In diese Welt wird Ertan (Murathan Muslu, der schon in Dags Kuma überzeugte) nach einem zehnjährigen Gefängnisaufenthalt hinausgespült. Als Jugendlicher wurde er wegen Totschlags verurteilt, jetzt ist er auf Bewährung „draußen“. Am liebsten möchte Ertan das Geschehene verdrängen und vergessen. Doch die gewonnene Freiheit entpuppt sich bald als Sackgasse. In kalten, neonfarbenen Bildern sehen wir ihn durch ein nicht enden wollendes Beton-Labyrinth laufen – gleichsam der visualisierte Versuch, seine eigene Vergangenheit abzuschütteln. Und selbst wenn sich Ertan geändert hat: Sein Umfeld hat es nicht. Da ist noch der 15-jährige Mikail, den Umut Dag als Spiegelbild Ertans inszeniert. Er steht knapp davor, die gleichen Fehler zu begehen: Mikail dealt mit Tabletten und wird vom lokalen Mafia-Boss bedroht – erst viel später wird er erfahren, dass er Ertans Sohn ist.
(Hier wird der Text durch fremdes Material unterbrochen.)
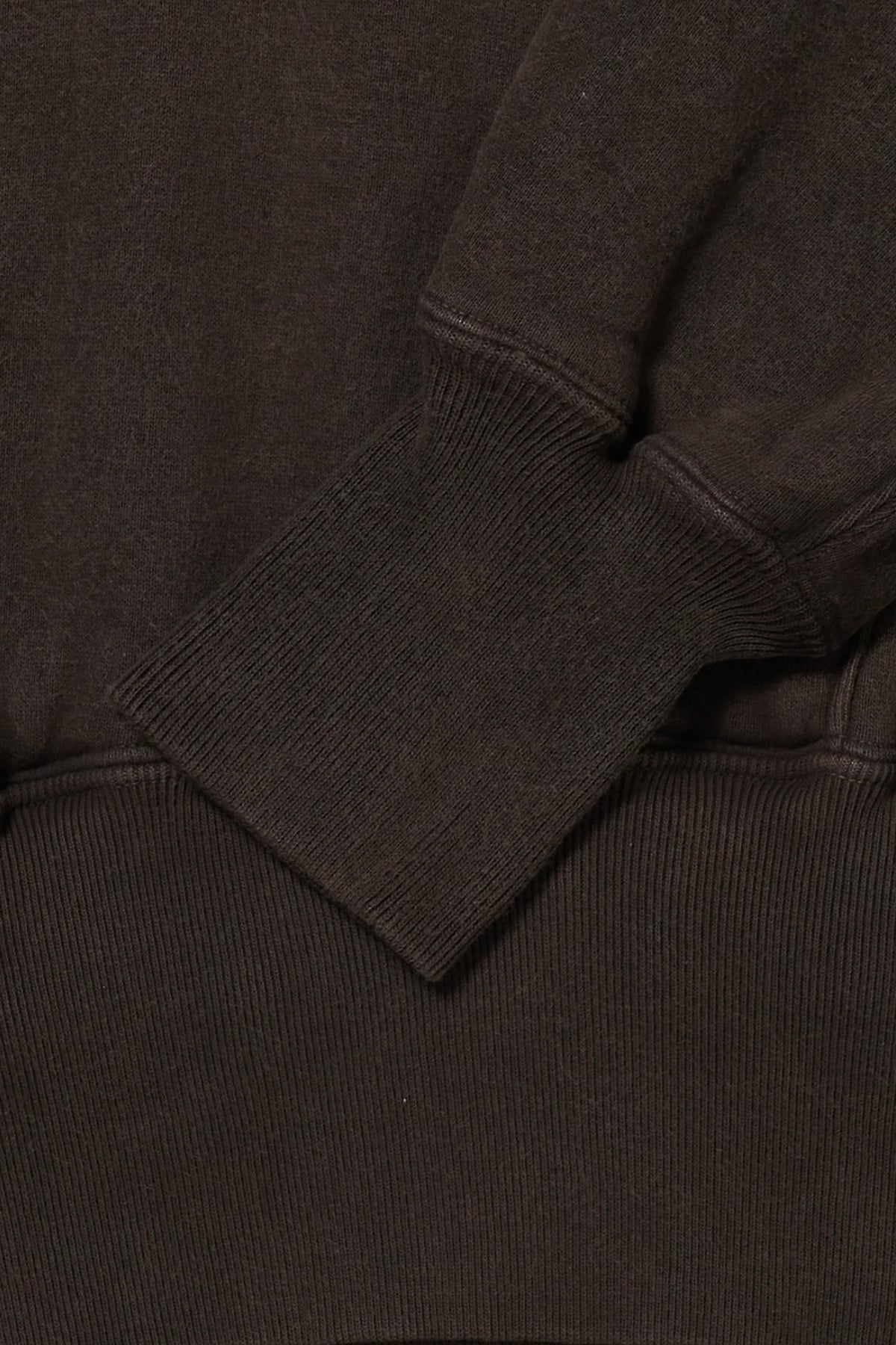 The garment is finished in Mud Dyed Brown, using the traditional mud-dyeing technique of Amami Oshima Island. Each hoodie is dyed one by one, resulting in a completely unique shade and depth of color. No two are ever exactly alike.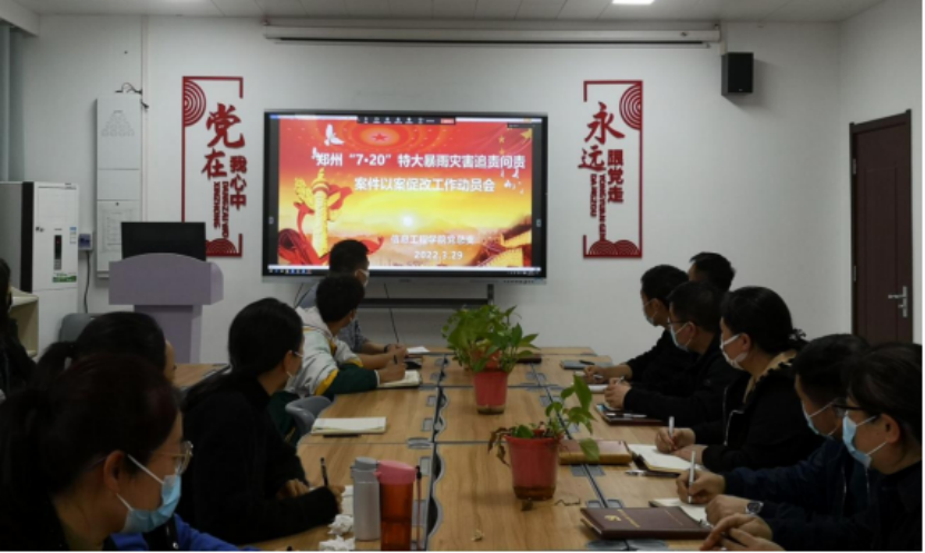 首先,楚斌书记宣读了公司开展郑州“7·20”特大暴雨灾害追责问责案件以案促改工作实施方案,并做了详细的安排部署。他要求全体教师切实提升政治站位,提高思想认识,把以案促改作为重要的政治任务,切实把查摆问题、整改问题与提升能力、锤炼作风相结合,强化督查指导,对督导检查中发现的问题,责令相关负责人限时整改,有效提高公司的抗疫防灾减灾救灾能力和应急处突能力,确保公司决策部署落实。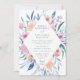 Blue Purple Watercolor Flowers Geométrico Wreath Wedding Invitation - a Watercolor Pinted Flowers detail com design de convite para casamento. Cor rosa, roxa e azul para um casamento de inverno ou primavera com lindas flores pintadas.
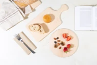 Okrągła deska do krojenia wykonana z jednego kawałka naturalnego drewna olchowego. W 100% naturalna i całkowicie bezklejowa.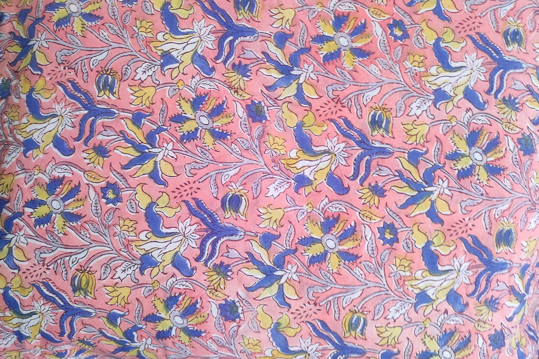 PEACH FLORAL HAND BLOCK PRINTED COTTON FABRIC-HF6372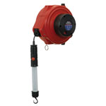 The ideal solution for workshops dogged by the problem of trailing wires. The system can be wall or ceiling mounted and has a strong ratchet mechanism to ensure long service. The cable is retracted by a simple pull and release action. The cable reel has a thermostatic trip switch to prevent overload. Both lead lamp and cable reel are fitted with on/off switch for extra convenience. All models fitted with step down transformer, from 230V input, to 12V output.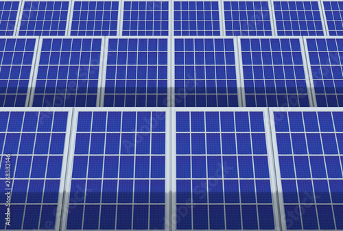 3d rendering. electric energy generator system, solar cells panels field farm industry background.

Dags Milieuschilderungen erinnern nicht zufällig an die Werke von Spike Lee und Ken Loach. Auch diese siedeln ihre Filme in einem Umfeld von gesellschaftlichen Außenseitern an, die diesem – trotz vehementer Anstrengungen – nicht entkommen können. In Risse im Beton agiert eine brutale Männerkaste, die sich in fortwährenden Rangkämpfen langsam selbst zermalmt. Vor allem sind es Dags realistische, klare Bilder, die den Film von anderen heimischen Arbeiten in einem ähnlichen Umfeld abheben. Und nicht zuletzt der immer aufkommende Optimismus. Denn am Ende werden sich Vater und Sohn so nahe wie nie zuvor sein.